Sgt Lawrie’s first dope sheet from Belsen, written up on 17 April 1945, is on show in the museum’s Blavatnik Galleries, which opened last November. ‘Scenes such as were witnessed by the first troops to arrive,’ he writes, ‘are beyond all human comprehension.’ The new displays are arranged around a central hub which is dedicated to those who have documented conflict. Lawrie’s dope sheet is shown here alongside press cards and video cameras used by journalists during the second Iraq War, an AFPU-issue DeVry camera and still cameras of various types and vintages, POW sketches by Ronald Searle, John Nash’s paintbrushes, Edward Ardizzone’s war diaries and many other similar objects. They are the tools of the trade, presented as relics or sacred accoutrements; surrounding them on the walls are dozens of photographs of wartime journalists, photographers and filmmakers at work. The wall texts don’t use the term ‘artist’, preferring the clumsy but more capacious phrase ‘visual practitioner’, in order to avoid privileging art over journalism.
Although the museum has only in recent years focused on journalism as a crucial kind of wartime witnessing, the displays already seem nostalgic. The IWM’s commitment to the memorialisation of the World Wars and the Holocaust binds it to understandings of international justice and wartime lawfulness that emerged in the wake of the Nuremberg trials. Those laws and ideals have of late been abandoned by the very nations that devised them. A new kind of anachronism has overtaken the IWM: it now stands for values that its own government has reneged on.
The day before my visit in early January, the journalist Hamza al-Dahdouh, son of Al Jazeera’s Gaza bureau chief, Wael al-Dahdouh, was killed by the IDF in Gaza. Wael’s family had already been targeted, near the start of the Israeli assault: in October he lost his wife, a son, a daughter and a grandchild when their shelter was bombed.
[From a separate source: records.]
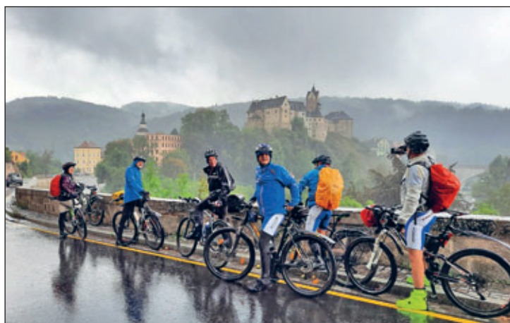
Ein flüchtiger Blick zur wunderschönen Burg Loket und dann ging's weiter durch den Regen

Leider bestätigten sich schon am Erzgebirgskamm die Wetterprognosen und es begann zu regnen. Wunderschöne Landschaften und bauliche Attraktionen erhielten so nicht jene Aufmerksamkeit, wie bei schönem Wetter. Der Wunsch nach einer warmen Dusche und trockener Kleidung minimiert die Pausenzeiten und erhöht das Fahrtempo zum Etappenziel, dem malerischen Stadtzentrum von Eger.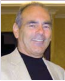
Chers amis de l'AUI,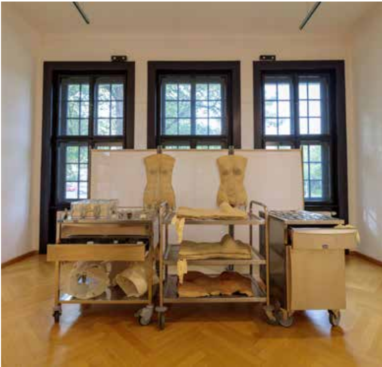
Rauminstallation von Marlies Liekfeld-Rapetti

8/9–28/10/2022 Kleine Galerie Richard Kaplenig Marlies Liekfeld-Rapetti Tina Ruisinger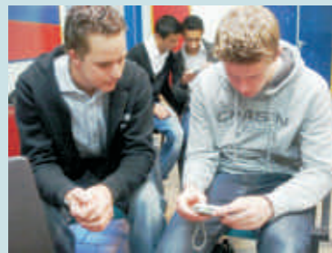
Jongeren maken filmpjes en foto's van Rhenen.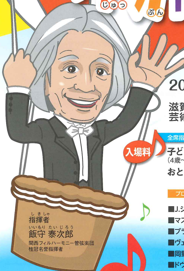
しきしゃ 指揮者 いもり たいじろう 飯守 泰次郎 関西フィルハーモニー管弦楽団 桂冠名誉指揮者

2016年 3月19日(土) 14:00開演 (13:15開場) ※公演時間は休憩を含み約100分を予定しています。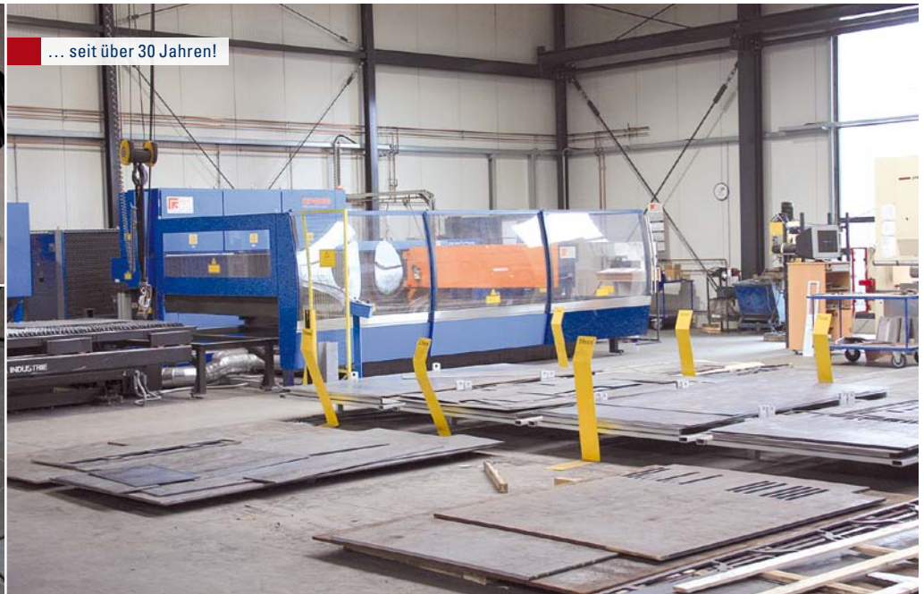
... seit über 30 Jahren!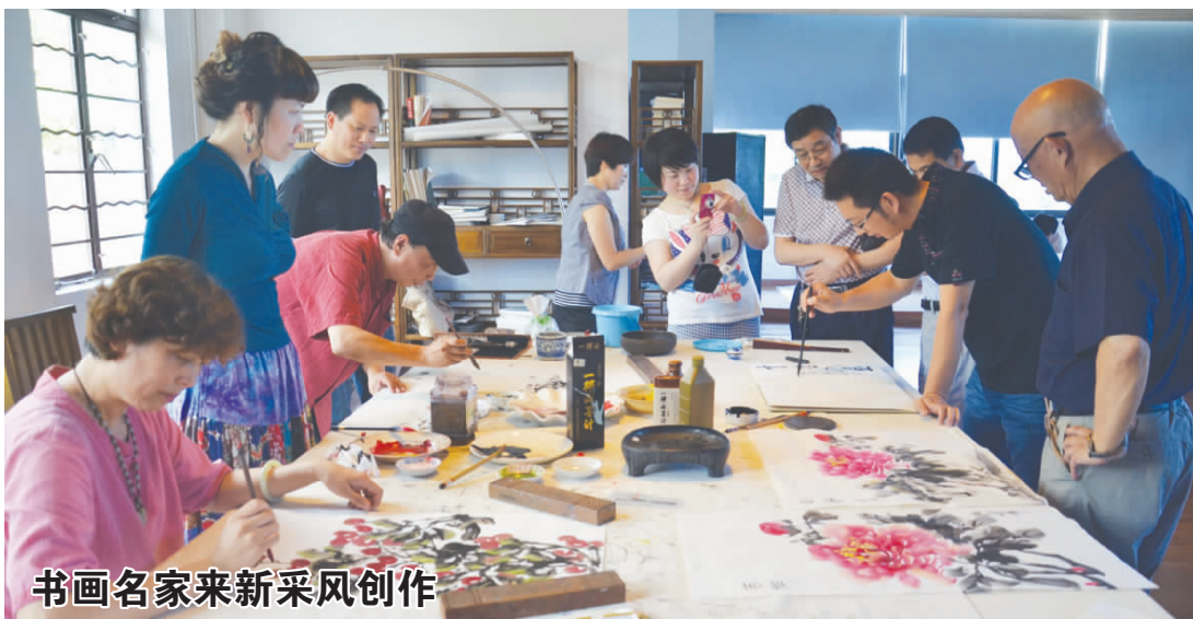
书画名家来新采风创作

检查组对我县“六五”普法中期工作开展情况给予较高评价,并就进一步推进“六五”普法工作提出意见和建议,希望我县进一步提高思想认识,做好查漏补缺工作,弘扬典型经验,进一步整合力量,探索老百姓喜闻乐见的普法载体,形成大普法的格局。

Gaza has been the deadliest conflict for the press on record. Earlier this month, the UN reported that more than 122 journalists and media workers had been killed, a death toll unprecedented in modern wars. Yet the systematic murder of their Palestinian colleagues has barely been registered in the Western press. The IWM may have arrived at the conclusion that the journalist is a crucial figure for understanding conflict, but only some journalists are afforded that status in the field. Others are regarded as targets.
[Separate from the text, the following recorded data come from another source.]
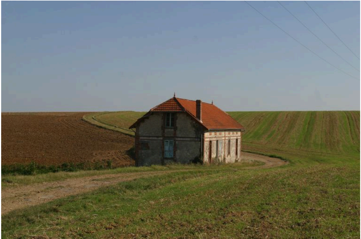
Vue de la maison ouvrière isolée.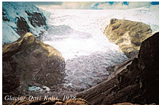
Glaciar Qori Kalis, 1978

Pero el retroceso de los glaciares no es el único impacto dramático del cambio climático en los Andes: una de las principales consecuencias es el desplazamiento hacia arriba de los rangos ecológicos altitudinales, es decir, que las condiciones ecológicas (temperatura, lluvias, etc.) que antes imperaban a determinada altitud, ahora se han desplazado a una altitud mayor. Este fenómeno compromete la subsistencia de algunas especies e incrementa la vulnerabilidad de los ecosistemas. Otras consecuencias son la variación de la extensión y ubicación de los pastizales, y la modificación de los flujos de agua de deshielo. Respecto a este último punto, el impacto del cambio climático está poniendo en riesgo la pro-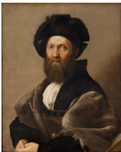
Retrato de Baldassare Castiglione, Rafael. París, Musée du Louvre

Desde el 12 de junio y hasta el próximo 16 de septiembre en el Museo del Prado se puede visitar El último Rafael , una de las exposiciones más importantes dedicadas al artista y su taller, y la primera centrada en sus años finales, etapa de su producción que le convirtió en el pintor con más influencia en el arte occidental. La muestra expone setenta y cuatro obras en total, de las cuales la mayoría no se han mostrado nunca antes en España, trazando un recorrido cronológico por la actividad del maestro, desde el inicio del pontificado de León X (1513) hasta su muerte en 1520, y de la de sus principales discípulos, Giulio Romano y Gianfrancesco Penni, hasta finales de 1524.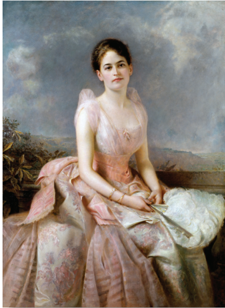
Regalo de las Girl Scouts de los Estados Unidos de América

Visita cinco museos que formen parte de la Institución Smithsonian para celebrar los 100 años de las Girl Scouts.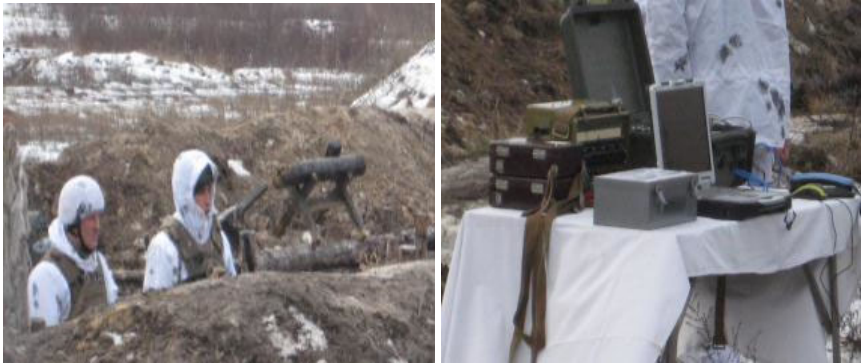
Рисунок 8 - показ можливостей ТЗР противника.

Показ новітньої системи передачі інформації, за допомогою якої військовослужбовці можуть безпечно здійснювати звонки на мобільні номери українських мобільних операторів. Даною системою пропонується обладнати всі стаціонарні блок пости в зоні проведення АТО.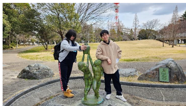
会場前の公演で記念撮影①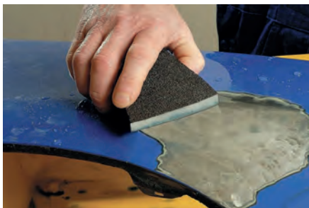
Reparación del automóvil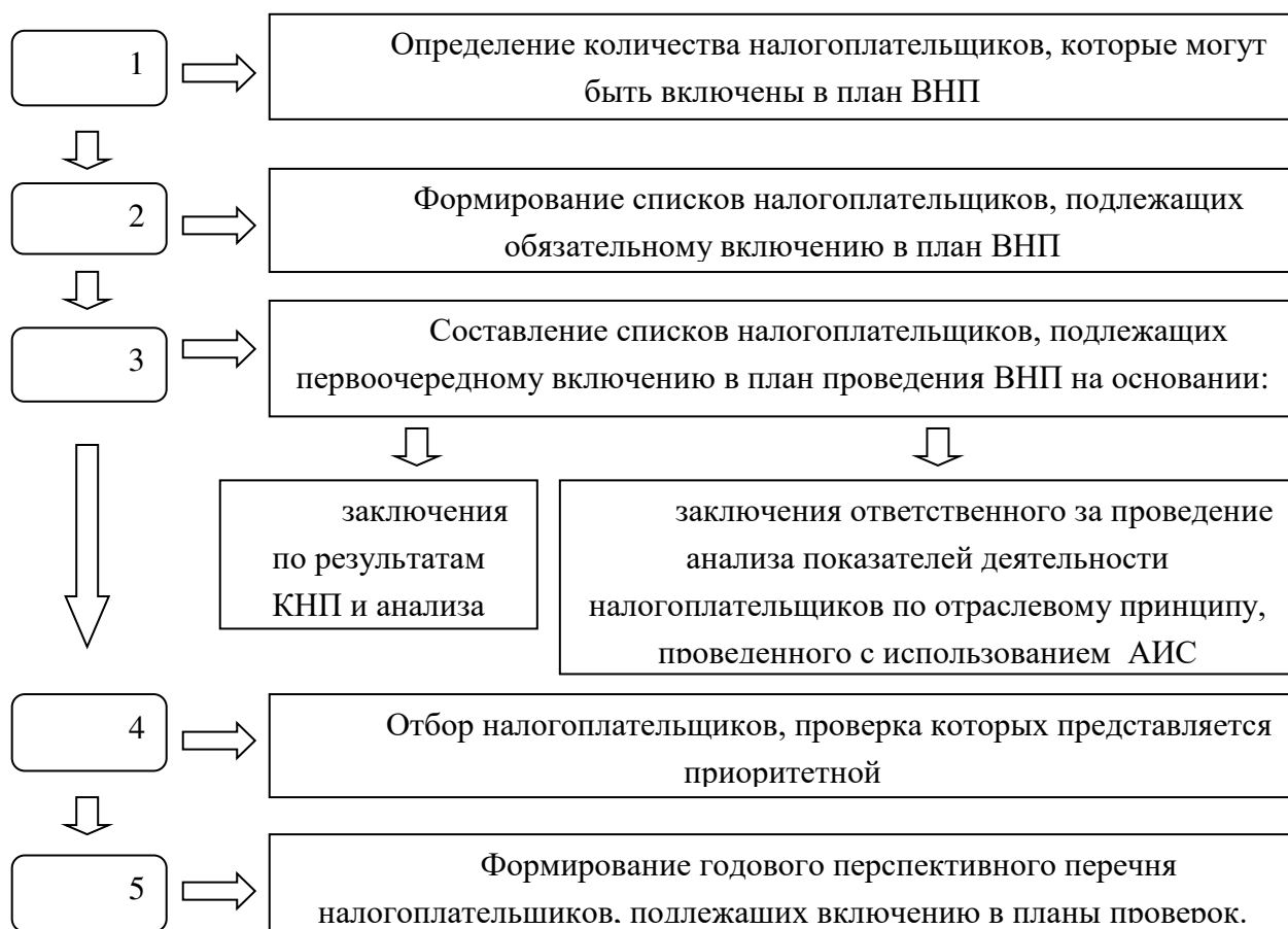
Рисунок 1 – Этапы планирования выездной налоговой проверки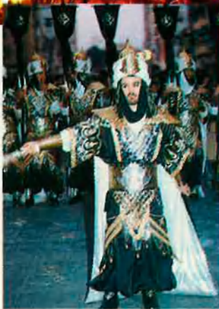
Moros aparatosos i cristians delirants. Cavalls i cavallers.

L'hivern és dur per a viure'l de nit i a la serena, ni que siga en aquesta Mediterrània nostra. Cal foc al carrer com cal foc al cos i a l'ànima per mantenir viva la nit i vetllar-la amb joia pels carrers i a la plaça fins a la vigília. I n'hi ha moltes, de maneres d'escalfar la gran nit de l'hivern en comboi. Com diu Antoni Arino al bell llibre El foc i la roda del temps és “al poble de Canals, en una de les comarques centrals valencianes, on cada hivern el foc esdevé art i joc i es repeteix inconscientment aqueix misteri que està sota el procés de la gènesi de la cultura. I així el foc també és festa”. Per això, per sentir

In the main hall of the museum, beneath the Spitfire and a Harrier jet that saw action in Afghanistan, is a battered Reuters press van, struck in Gaza in 2006 by a rocket fired from an Israeli helicopter. Two journalists, Fadel Shana and Sabbah Hmaida, were travelling in it at the time; both were badly injured but survived. The video information panel describing the attack has footage of the aftermath of the strike as well as clips of an IDF spokesperson, who says that the vehicle would not have been targeted had it been clearly marked. But there stands the evidence: a white van with the words ‘PRESS’ and ‘TV’ emblazoned on the surface in large red letters. Having survived the attack that put the van out of commission, Shana was killed by an Israeli tank shell in Gaza in 2008. The final video sequence is the record he made of his own death. Filming from inside a press car, Shana’s camera focuses on a tank stationed between trees in the distance, its turret aiming straight back. There is no movement, no incident. Then the muzzle flashes, and the screen goes black. The tank commander said he thought Shana’s camera was a rocket launcher.